The civil service employs
about 4 per cent of Hong Kong's labour
force. It provides staff for all government
departments and other units of the Administration.
At December 31, the total strength of
the civil service was 155 500 (excluding
about 1 400 judges and judicial officers
and ICAC officers).
Overall policy responsibility
for the management of the civil service
lies with the Civil Service Bureau of
the Government Secretariat. The bureau's
remit includes making policies on appointments,
pay and conditions of service, staff management,
manpower planning, training and development,
conduct and discipline and use of official
languages in the civil service. The bureau
is also the focal point for consultation
with major staff associations and its
General Grades Office manages the 25 300
executive, clerical and secretarial staff.
Management of the civil service is governed
mainly by three important instruments:
the Public Service (Administration) Order,
the Public Service (Disciplinary) Regulation,
and the Civil Service Regulations, all
made with the authority of the Chief Executive.
The Public Service Commission
is an independent statutory body set up
under the Public Service Commission Ordinance.

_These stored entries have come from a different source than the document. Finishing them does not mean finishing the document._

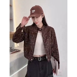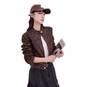 时尚豹纹立领拉链短款外套女2025春秋新款宽松显瘦休闲百搭夹克潮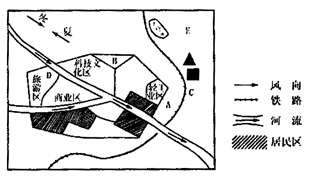 (2)工业区是城市的主要环境污染源,故应考虑风向、河流流向和其他经济效益等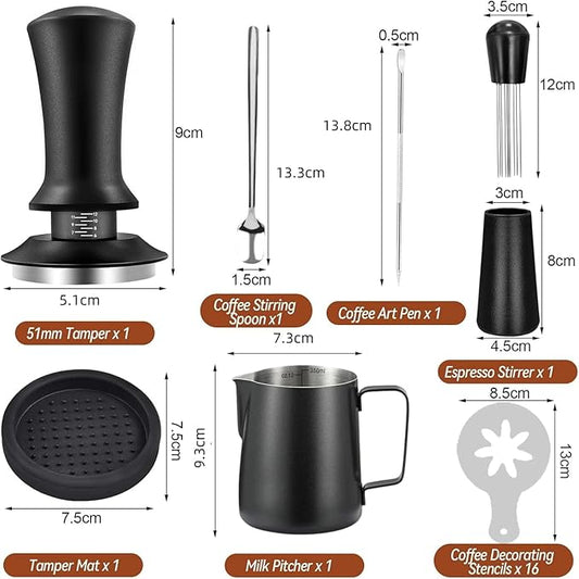 51 mm Coffee Tamper Set Coffee Press for Portafilter Machine Espresso Tamper with Tamper Mat, Frothing Pitcher (350ml/11.836oz), Barista Towel, Latte Art Pen and Decorative Stencils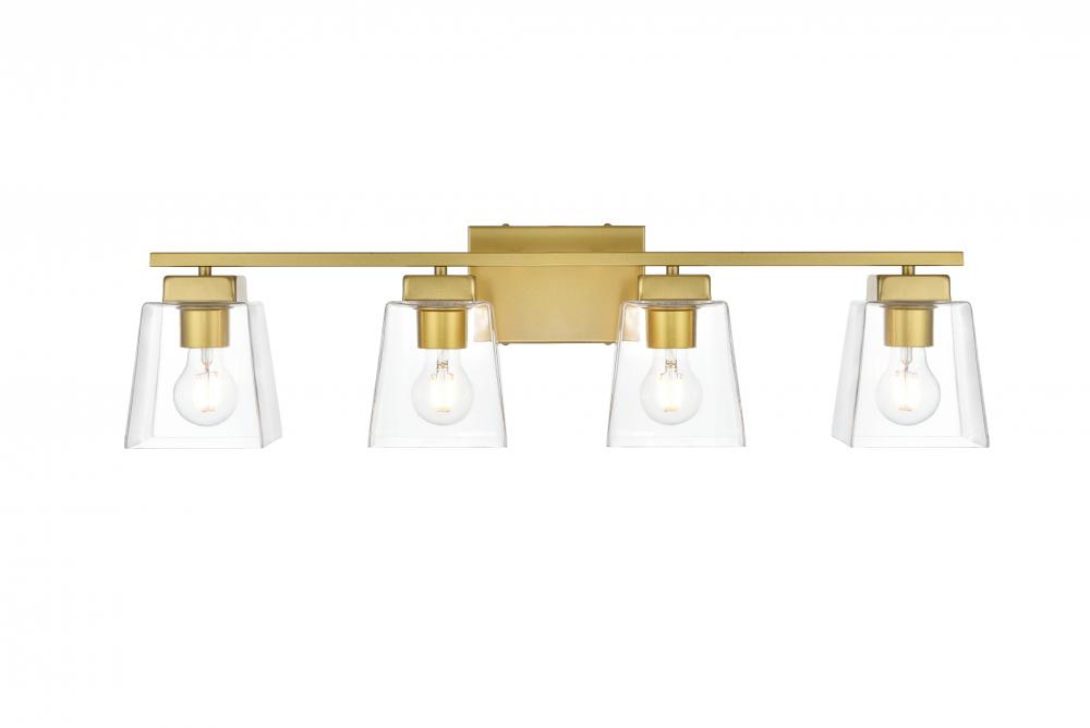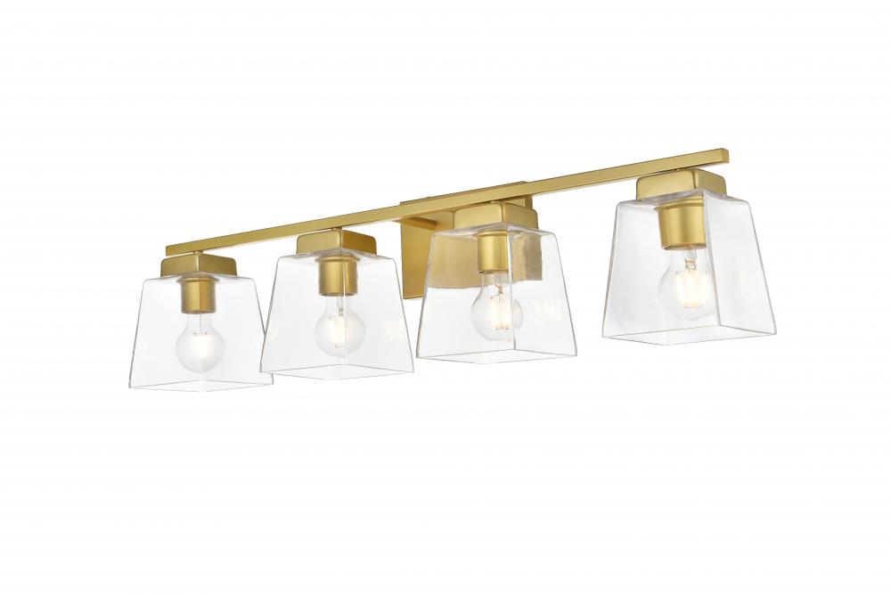 Defined by a sleek metal arm extends to suspend the clear bell glass shade. A contemporary stunner, it shows off the straight line details from the backplate and the streamline thin metal arm. Compatible with dimmers, so you'll have the right amount of light in any given time of the day. Completely versatile, you can place this wall light as an uplight or downlight. Rated for use in damp locations, this will work perfectly over a vanity in your bathroom.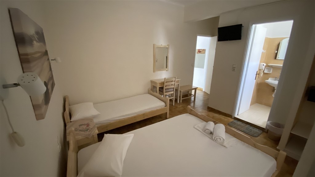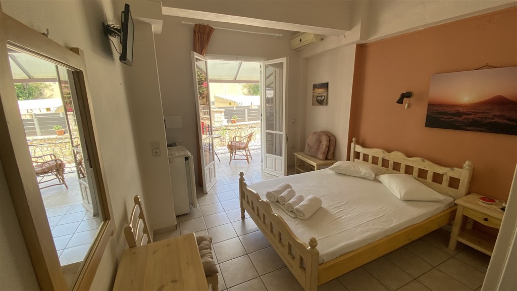 Ubytování je zajištěno v pěkně zařízených dvoulůžkových pokojích, některé s možností přistýlky pro děti i dospělé. Pokoje jsou v přízemí, s vlastní terasou s posezením. V pokojích je klimatizace, lednička, TV, trezor - vše zahrnuto v ceně pobytu. Pokoje mají vlastní sociální zařízení a jsou vybaveny ložním prádlem i ručníky.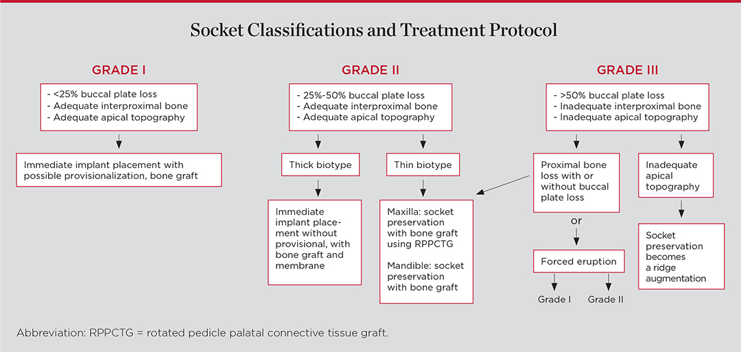 A unique classification and treatment protocol for the extraction sockets of single-rooted teeth to be replaced by implants has been presented. This classification is based on the amount and quality of the buccal plate present, the level of interproximal bone, and the apical topography. The presented treatment protocol takes into consideration the bone topography of the extraction socket, the biotype, and the socket location. The percentages for buccal-plate loss that serve to distinguish the socket groups and the listed cutoff points to characterize interproximal bone loss are suggestions. Each case a clinician encounters is unique, and this classification system serves to divide a spectrum of possibilities into distinct groups to aid in the selection of a treatment protocol.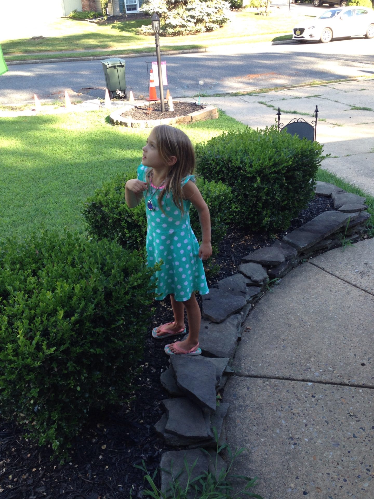 Daddy’s walking home from work, so I’m waiting for him outside.

Its fundamental role is to advise the
Chief Executive on appointments, promotions
and discipline in the civil service. The
Government is also advised on civil service
pay and conditions of service by three
independent bodies: the Standing Committee
on Directorate Salaries and Conditions
of Service (directorate officers excluding
judicial officers and the disciplined
services but including the heads of the
disciplined services); the Standing Committee
on Disciplined Services Salaries and Conditions
of Service (the disciplined services except
the heads of disciplined services); and
the Standing Commission on Civil Service
Salaries and Conditions of Service (all
other civil servants).
In accordance with the
Basic Law, Principal Officials must be
Chinese citizens who are permanent residents
of the HKSAR with no right of abode in
any foreign country and have ordinarily
resided in Hong Kong for a continuous
period of not less than 15 years. It is
also a Basic Law requirement that new
recruits to the civil service on or after
July 1, 1997 should normally be permanent
residents of the HKSAR, save for those
who fall within the exceptions provided
in Articles 99 and 101 of the Basic Law.
Subject to the above
policy, appointment to the civil service
is based on open and fair competition
which aims to recruit the best person
for the job. Promotion is performance-based
and not a reward for long service. As
the largest employer in Hong Kong, the
Government takes the lead in employing
people with a disability to help them
integrate into the community and ensure
that they are given equal opportunity
in recruitment to the Civil Service.
The Government monitors
closely the turnover in the civil service
for manpower planning purposes. Overall
wastage in the civil service remained
steady at 4 per cent over the past two
years, (2003-04 and 2004-05) following
the departure of participants in voluntary
retirement schemes. Given the importance
of continuity at the management level,
the Government has a well-established
staff planning mechanism to review the
succession planning for senior staff,
identify and groom officers with potential
for advancement to senior management and
develop a pool of talent for senior positions.
The Government values
regular communication and consultation
with staff. There are four consultative
councils at the central level: the Senior
Civil Service Council, the Model Scale
1 Staff Consultative Council, the Disciplined
Services Consultative Council and the
Police Force Council. More than 80 consultative
committees operate at the departmental
level. The Civil Service Newsletter is
published regularly to provide an added
link with serving and retired civil servants.
Civil Service Reform
To ensure that Hong
Kong continues to maintain a world-class
civil service which keeps pace with changes
in society, the Government has introduced
a number of reforms since it released
its public consultation document in 1999.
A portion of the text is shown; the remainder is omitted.